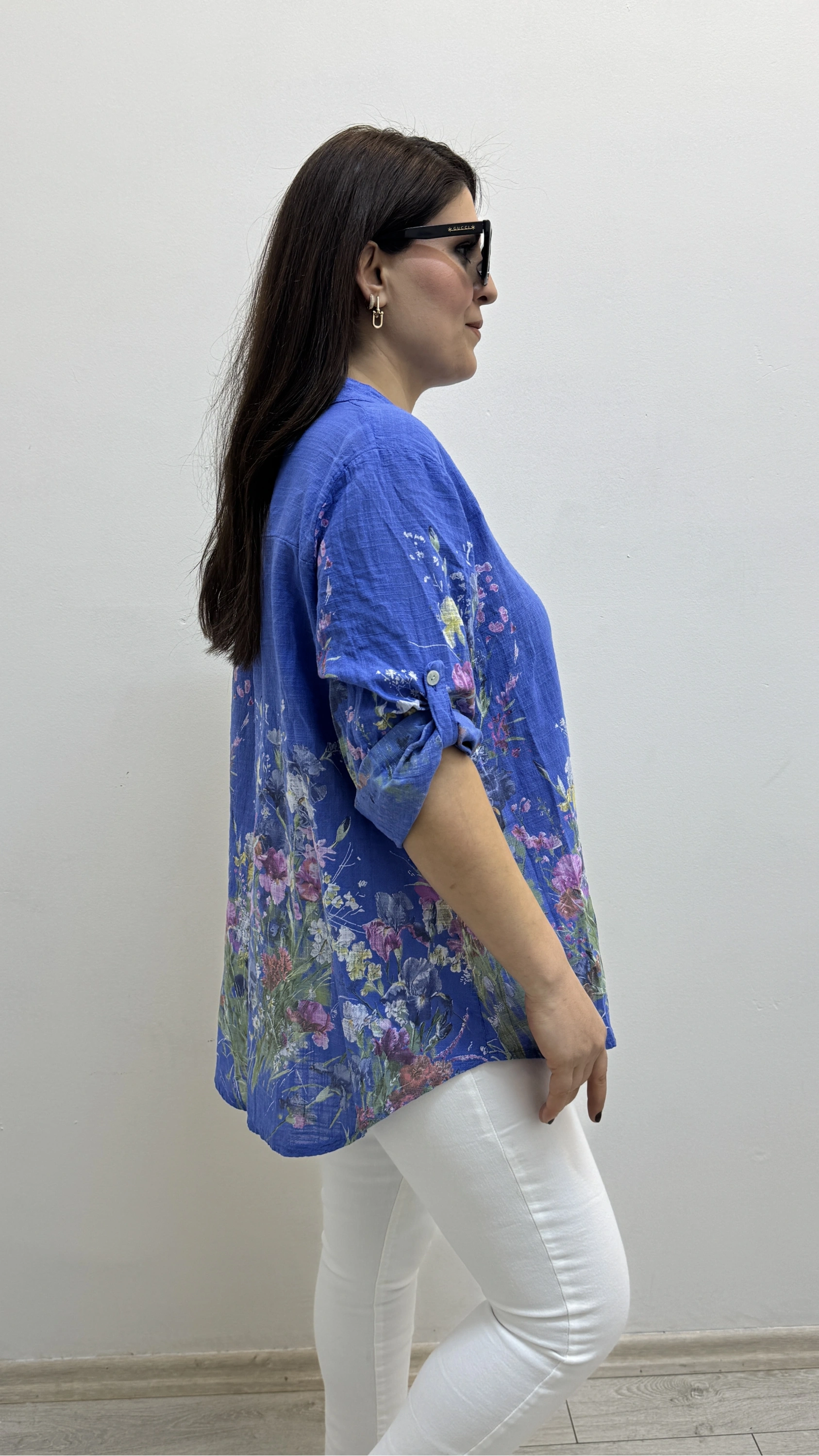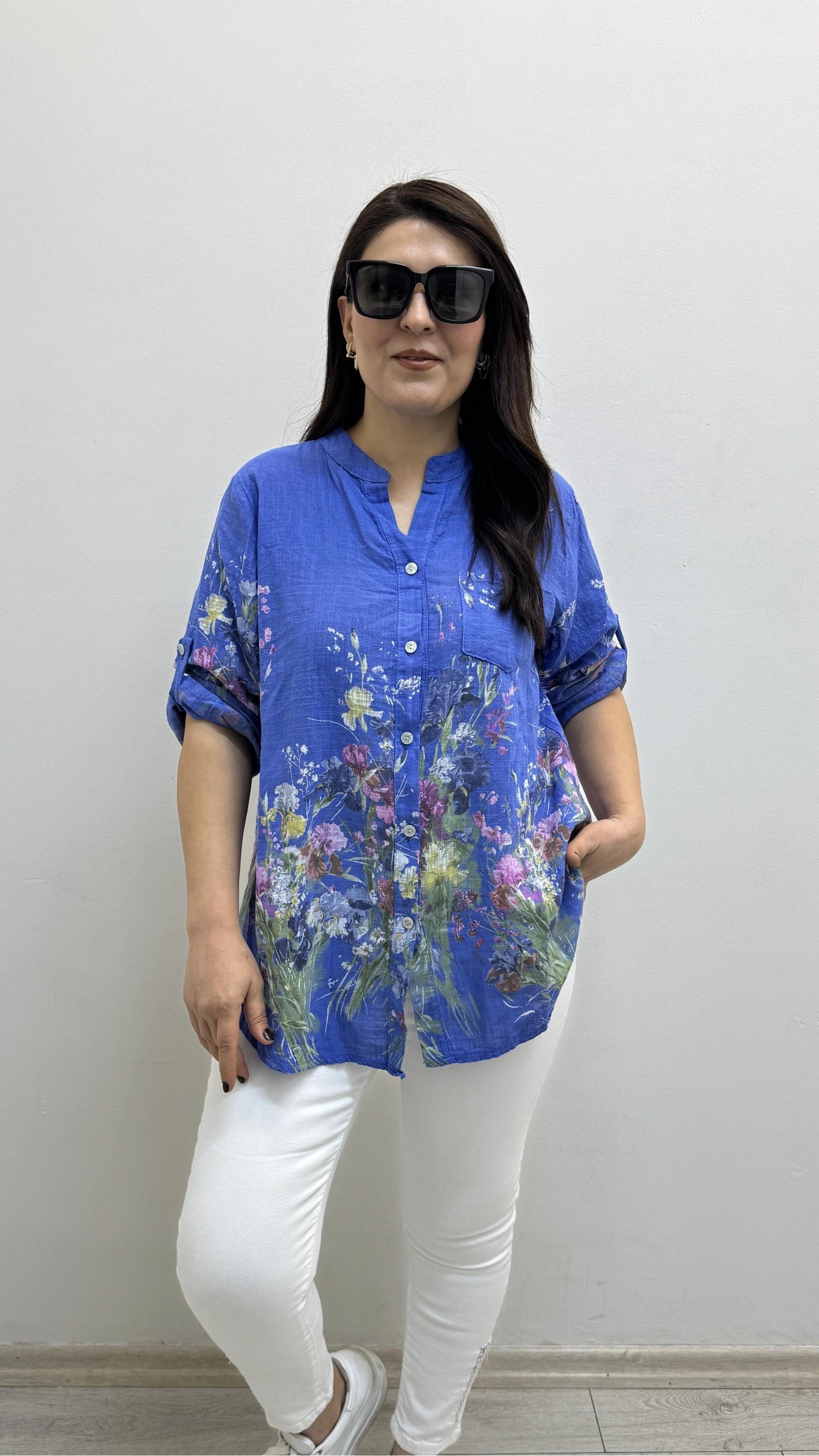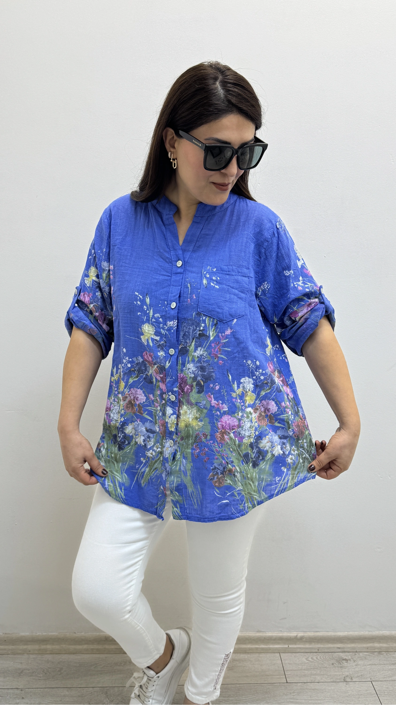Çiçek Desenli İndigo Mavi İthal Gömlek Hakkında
* * *
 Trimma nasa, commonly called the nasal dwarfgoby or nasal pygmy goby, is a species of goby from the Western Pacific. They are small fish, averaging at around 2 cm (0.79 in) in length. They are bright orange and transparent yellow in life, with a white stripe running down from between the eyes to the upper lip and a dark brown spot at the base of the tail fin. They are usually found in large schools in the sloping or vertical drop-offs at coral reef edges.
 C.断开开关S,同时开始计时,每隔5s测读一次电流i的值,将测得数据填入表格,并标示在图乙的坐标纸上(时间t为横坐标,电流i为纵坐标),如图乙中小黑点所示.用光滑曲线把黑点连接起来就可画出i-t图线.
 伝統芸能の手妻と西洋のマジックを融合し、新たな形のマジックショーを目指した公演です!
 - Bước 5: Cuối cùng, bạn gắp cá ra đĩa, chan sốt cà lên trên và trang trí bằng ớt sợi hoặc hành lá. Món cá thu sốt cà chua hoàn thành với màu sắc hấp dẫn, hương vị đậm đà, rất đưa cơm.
---
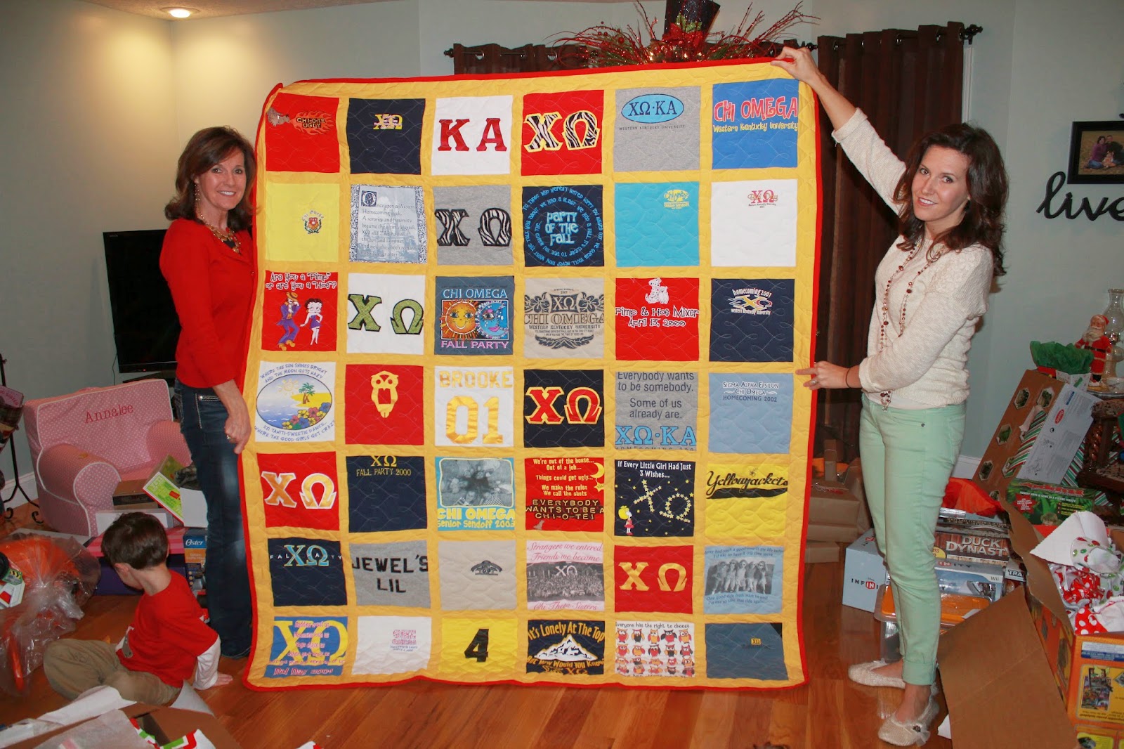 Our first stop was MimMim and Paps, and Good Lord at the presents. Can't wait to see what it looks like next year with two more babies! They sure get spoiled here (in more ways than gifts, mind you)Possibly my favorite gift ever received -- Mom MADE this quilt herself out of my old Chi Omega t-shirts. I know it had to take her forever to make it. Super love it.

▶ **Problem description**
Copy the stretch of the records above that runs from the line with "伝統芸能の手妻と西洋のマジッ" through the line with "- Bước 5: Cuối". Both end lines belong in the copy, and nothing else does.

▶ **Task result**
 伝統芸能の手妻と西洋のマジックを融合し、新たな形のマジックショーを目指した公演です!
 - Bước 5: Cuối cùng, bạn gắp cá ra đĩa, chan sốt cà lên trên và trang trí bằng ớt sợi hoặc hành lá. Món cá thu sốt cà chua hoàn thành với màu sắc hấp dẫn, hương vị đậm đà, rất đưa cơm.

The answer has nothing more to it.